- **What is needed**: Restate all the lines below word for word, but omit the pictures.

- **Data provided**:
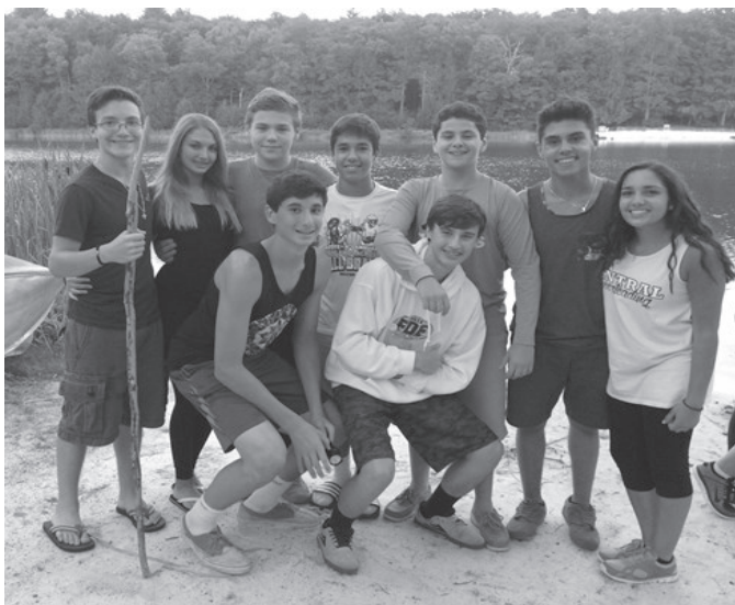
CGS: GOYA WEEK 2
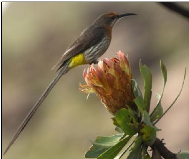
Gurney's Sugarbird

We left St Lucia before sunrise and made our way to Hilton. Along the way, we made a few stops at some strategic birding spots, and the first place we stopped was at the town of Mtunzini. The reason we stopped here was to look for the resident Palm-nut Vultures which roost in the Raphia Palms bordering the town. On our first few attempts we had no luck, so we returned to where we first had a look, and this time we saw three vultures: consisting of two Adults and one brown juvenile bird. By this time the rain had caught up with us and we continued to make our way up to Eshowe, regardless of the bad weather. When we arrived at Eshowe, we headed to the Dlinza Aerial Board Walk and here we set out to look for as many

- **Solution below**:
CGS: GOYA WEEK 2
Gurney's Sugarbird

We left St Lucia before sunrise and made our way to Hilton. Along the way, we made a few stops at some strategic birding spots, and the first place we stopped was at the town of Mtunzini. The reason we stopped here was to look for the resident Palm-nut Vultures which roost in the Raphia Palms bordering the town. On our first few attempts we had no luck, so we returned to where we first had a look, and this time we saw three vultures: consisting of two Adults and one brown juvenile bird. By this time the rain had caught up with us and we continued to make our way up to Eshowe, regardless of the bad weather. When we arrived at Eshowe, we headed to the Dlinza Aerial Board Walk and here we set out to look for as many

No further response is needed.